Azarien on 4 Apr 2013 3:09 AM:
I use a 3rd party keyboard layout with various smart quotes: «» „” “” ‚’ ‘’ (and the ones I'm using most of the time are these: „”)
Max Battcher on 4 Apr 2013 7:44 AM:
Yes, the Colemak keyboard layout has a bunch of the “smart” quotes directly as AltGr combinations. Then some fun things in Windows-only (currently) that use the AltGr+\ dead key, like ellipsis at AltGr+\.… It's a good way to test Unicode support in random apps when you can quickly type things like that.
Also, I know of Python and Ruby libraries that tackle smart quote automation. (I use a Python library on my own blog, for example, because they do look nice in reading long articles. My blog posts are, for the most part, stored with straight quotes and the library replaces them on output.)
Samuel A. Falvo II on 4 Apr 2013 8:51 AM:
Doug, the double-tick quotes predate Windows by almost two decades, and possibly longer. Not only are they characters that exist on the common, every-day keyboard, they are representable in plain-text documents without the aid of GUIs or special readers (e.g., WordPad, Word, HTML graphics engines, etc.), and when fed through typesetting systems such as TeX and any of its macro packages like LaTeX, they get converted to the proper opening and closing quotation marks automatically.

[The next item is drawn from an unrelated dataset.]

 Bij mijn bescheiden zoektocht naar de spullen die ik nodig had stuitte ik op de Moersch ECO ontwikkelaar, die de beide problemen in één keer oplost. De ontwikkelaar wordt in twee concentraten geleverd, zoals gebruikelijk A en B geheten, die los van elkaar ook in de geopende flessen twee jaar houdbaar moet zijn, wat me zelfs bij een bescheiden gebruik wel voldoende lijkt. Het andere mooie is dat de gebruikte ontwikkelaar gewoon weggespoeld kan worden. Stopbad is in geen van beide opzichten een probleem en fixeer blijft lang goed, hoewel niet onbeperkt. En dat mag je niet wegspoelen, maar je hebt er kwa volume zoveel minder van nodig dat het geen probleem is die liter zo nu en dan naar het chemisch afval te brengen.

So, this has nothing what-so-ever to do with ``proving we're different from Microsoft,'' and everything to do historical convention. If anything, it was Microsoft that wanted to be different by coming up with SmartQuote feature, with the full knowledge that an established, cross-platform convention already existed. And, as an early Windows user myself, I distinctly remember numerous documents using the convention before SmartQuotes was pushed as a notable feature of Word.
Doug Ewell on 5 Apr 2013 10:13 AM:
I remember the paired double-tick quoting convention, and the fonts that made them look halfway decent, from back in the ’80s. They were an attempt to implement directional quotes in an ASCII-only world, similar to conventions like “nai:ve” and “cafe'” (I remember seeing both of these). And as Samuel said, they could be automatically converted for more capable systems. But they always looked at least a bit awkward in monospaced fonts (which were typical for that era), and downright crappy when the glyph for ' is not a mirror of `.

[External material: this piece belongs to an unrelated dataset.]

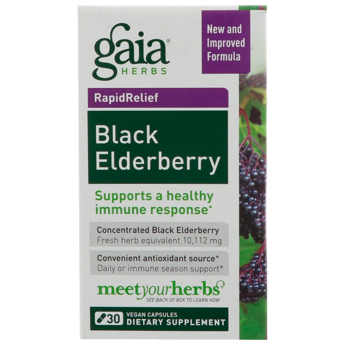 Plant Intelligence Supports a Healthy Immune Response Rapid Relief Dietary Supplement Concentrated Black Elderberry - Fresh Herb Equivalent 10,112 mg Convenient Antioxidant Source - Daily or Immune Season Support Black Elderberry Black Elderberry helps maintain a healthy immune response. Black Elderberry is unique in providing both antioxidant and immune support due to its natural concentration of Anthocyanins and other Flavonoids. The Black Elderberry product is just as concentrated as our best-selling syrup, in the convenience of a capsule for immune support on the go. Made with Black Elderberries and Acerola fruit for synergistic immune support, this product contains no sweeteners or fillers. The Gaia Difference 100% Vegan and Gluten-Free – Easily digestible plant-derived capsule. Laboratory-Tested for Purity – Free of heavy metal toxicity.

Latin-1 added ï and é, and other supra-ASCII character sets like Windows-1252 (and of course Unicode) added “ and ”, but that is little help to users with ASCII-only keyboards. That’s why automatic conversion features like “smart quotes” were created, and they are really no different from the TeX feature Samuel mentioned. Users who have typed `` and '' for decades probably won’t relearn their habit, but smart quotes could easily be applied to those sequences as well. (Users who are *just now* learning to type `` and '' are, I still contend, waging a protest of some sort.)
People don’t like smart quotes because the conversion algorithm from straight quotes isn’t perfect in every case, and can’t be, and because some time ago, some tools that applied smart quotes also happened to declare the wrong character set. Document-creation tools that labeled Windows-1252 text as ISO 8859-1 became legendary and infamous; the reputation lasted long after the actual bugs were fixed. Readers that assume any non-ASCII text must be 8859-1 are their own problem.
I long for the day when ordinary users do think of Unicode text as “plain-text documents,” not something arcane that requires “GUIs or special readers.”
Kwpolska on 5 Apr 2013 10:56 AM:
> They definitely preferred the way it looked, but I was reflecting on the fact that none of our keyboards have these fancy quotes.
Does having them in my fancily-customized keyboard layout based on the X11 pl layout (already having “‘”’ — I added „‚ in terms of quotes) count?